§ Aim of the exercise:
Find the line below with "Similar Design Products" and the line with "海洋光学大多数光纤的数值孔径". Output them and the lines between, exactly, but not the pictures.

§ Source information:
::::

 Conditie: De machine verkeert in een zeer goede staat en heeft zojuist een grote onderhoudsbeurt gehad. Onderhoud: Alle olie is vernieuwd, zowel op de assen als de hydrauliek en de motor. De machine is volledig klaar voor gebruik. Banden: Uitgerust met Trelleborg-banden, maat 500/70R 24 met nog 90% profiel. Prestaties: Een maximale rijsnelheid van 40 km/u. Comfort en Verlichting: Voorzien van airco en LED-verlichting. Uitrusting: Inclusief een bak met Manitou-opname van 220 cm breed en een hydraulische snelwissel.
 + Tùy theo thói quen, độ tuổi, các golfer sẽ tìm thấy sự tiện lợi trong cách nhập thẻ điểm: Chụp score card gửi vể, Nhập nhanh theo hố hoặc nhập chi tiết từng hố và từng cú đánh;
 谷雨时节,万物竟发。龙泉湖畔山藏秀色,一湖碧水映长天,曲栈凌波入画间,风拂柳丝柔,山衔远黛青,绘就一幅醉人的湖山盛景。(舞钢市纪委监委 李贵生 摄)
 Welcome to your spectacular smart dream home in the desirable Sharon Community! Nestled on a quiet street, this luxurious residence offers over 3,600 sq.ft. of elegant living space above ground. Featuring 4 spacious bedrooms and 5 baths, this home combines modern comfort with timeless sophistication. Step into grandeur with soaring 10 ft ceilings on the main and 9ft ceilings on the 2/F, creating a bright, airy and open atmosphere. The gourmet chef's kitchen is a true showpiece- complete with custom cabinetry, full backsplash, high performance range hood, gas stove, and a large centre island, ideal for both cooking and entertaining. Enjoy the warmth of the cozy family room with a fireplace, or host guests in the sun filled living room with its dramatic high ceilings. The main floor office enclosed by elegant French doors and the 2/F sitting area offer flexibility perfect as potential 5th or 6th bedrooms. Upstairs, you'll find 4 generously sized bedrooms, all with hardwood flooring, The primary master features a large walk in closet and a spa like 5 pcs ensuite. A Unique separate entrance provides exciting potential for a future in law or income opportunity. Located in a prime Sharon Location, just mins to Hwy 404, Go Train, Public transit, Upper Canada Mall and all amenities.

::::

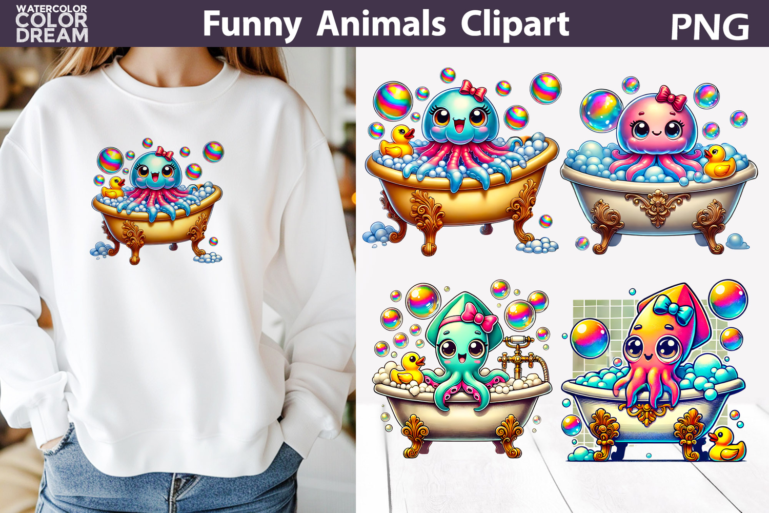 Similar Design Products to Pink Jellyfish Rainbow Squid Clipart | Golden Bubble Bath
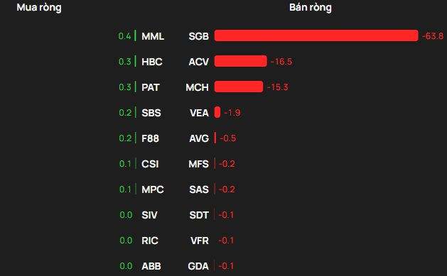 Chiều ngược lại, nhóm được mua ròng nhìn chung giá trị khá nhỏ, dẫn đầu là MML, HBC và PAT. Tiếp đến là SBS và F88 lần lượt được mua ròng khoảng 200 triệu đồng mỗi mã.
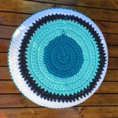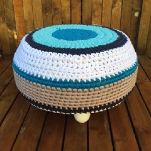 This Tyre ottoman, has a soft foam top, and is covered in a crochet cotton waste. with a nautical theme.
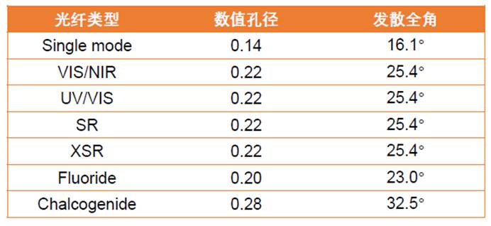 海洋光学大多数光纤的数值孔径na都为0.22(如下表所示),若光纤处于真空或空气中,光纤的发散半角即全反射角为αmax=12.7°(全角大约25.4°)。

::::

§ Completed exercise:
 Similar Design Products to Pink Jellyfish Rainbow Squid Clipart | Golden Bubble Bath
 Chiều ngược lại, nhóm được mua ròng nhìn chung giá trị khá nhỏ, dẫn đầu là MML, HBC và PAT. Tiếp đến là SBS và F88 lần lượt được mua ròng khoảng 200 triệu đồng mỗi mã.
 This Tyre ottoman, has a soft foam top, and is covered in a crochet cotton waste. with a nautical theme.
 海洋光学大多数光纤的数值孔径na都为0.22(如下表所示),若光纤处于真空或空气中,光纤的发散半角即全反射角为αmax=12.7°(全角大约25.4°)。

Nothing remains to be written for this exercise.